Southern Missouri Bancorp, Inc. (NASDAQ: SMBC, "Southern
Missouri"), the parent corporation of Southern Bank, and Fortune
Financial Corporation ("Fortune"), the parent company of
FortuneBank, today announced the signing of a definitive merger
agreement whereby Southern Missouri will acquire Fortune in a stock
and cash transaction.
Fortune operates two branches in Jefferson and St. Louis
Counties, Missouri, both located within the St. Louis, Missouri,
MSA. At June 30, 2021, Fortune’s consolidated assets were $253.7
million, including loans, net, of $209.3 million, while deposits
totaled $214.5 million.
Southern Missouri reported total assets at June 30, 2021, of
approximately $2.7 billion, including loans, net, of $2.2 billion,
and total deposits of $2.3 billion. On a pro forma basis, following
the acquisition, the combined company's total assets will
approximate $3.0 billion, with total loans, net, of $2.4 billion,
and total deposits of $2.5 billion. The combined company will
operate 51 locations in Missouri, Arkansas, and Illinois.

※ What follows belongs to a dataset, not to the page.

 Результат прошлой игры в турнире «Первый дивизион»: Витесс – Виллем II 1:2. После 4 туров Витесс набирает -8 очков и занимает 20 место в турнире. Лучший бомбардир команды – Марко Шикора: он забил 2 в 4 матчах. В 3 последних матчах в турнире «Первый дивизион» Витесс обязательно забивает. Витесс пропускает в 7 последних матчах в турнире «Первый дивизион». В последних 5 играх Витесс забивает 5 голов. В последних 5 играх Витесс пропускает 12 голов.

Under the terms of the merger agreement, unanimously approved by
the boards of both entities, Fortune shareholders are projected to
receive either a fixed exchange ratio of 0.2853 shares of Southern
Missouri common stock or a cash payment of $12.55 for each Fortune
share, at the election of the shareholders, subject to adjustment
based on Fortune’s capital and the total outstanding shares of
Fortune at closing. Based on Southern Missouri’s $43.99 average
closing price over the 20-day trading period ended September 24,
2021, the transaction’s indicated value is approximately $29.9
million, with merger consideration comprised of stock and cash at a
60:40 ratio. As part of the merger, Southern Missouri will also
assume approximately $7.5 million in subordinated debt.

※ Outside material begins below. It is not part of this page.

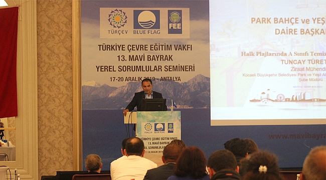 Uluslararası alanda Mavi Bayrak ödüllü plajlarımızın sayılarının arttırılarak aynı zamanda standartlarının diğer ülkelerden daha yüksek olması hedefiyle, Mavi Bayrak Programı’nı yürüten TÜRÇEV tarafından 13. Yerel Mavi Bayrak Sorumluları Eğitimi Semineri’ne Kocaeli Büyükşehir Belediyesi personelleri de katıldı. Eğitimde Çevre Koruma ve Kontrol Dairesi tarafından İzmit Körfezi’ne yapılan çevre yatırımları ile birlikte örnek kontrol ve denetim faaliyetleri anlatılırken Park Bahçeler ve Yeşil Alanlar Dairesi Başkanlığı tarafından “Halk Plajlarında A Sınıfı Temizlik Nasıl Sağlandı” konulu sunumlar gerçekleştirildi.
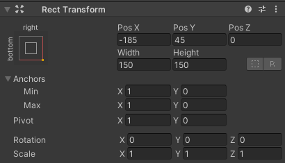 - Establezca los valores de "JoystickRight" Rect Transform igual que en la siguiente captura de pantalla:

"Southern Missouri is pleased to announce this merger with
Fortune and an important step in our long-term growth," stated Greg
Steffens, President and CEO of Southern Missouri. "Fortune has
developed a number of business lines that complement our
organization well, and provides a point of entry to a large and
growing banking market where we believe our community banking model
will perform well. Fortune customers will benefit from the scale
and technology we will help their banking officers bring to their
relationships. We have been very impressed with the talented
personnel who will be joining our team through this partnership and
look forward to building on the success Fortune has achieved."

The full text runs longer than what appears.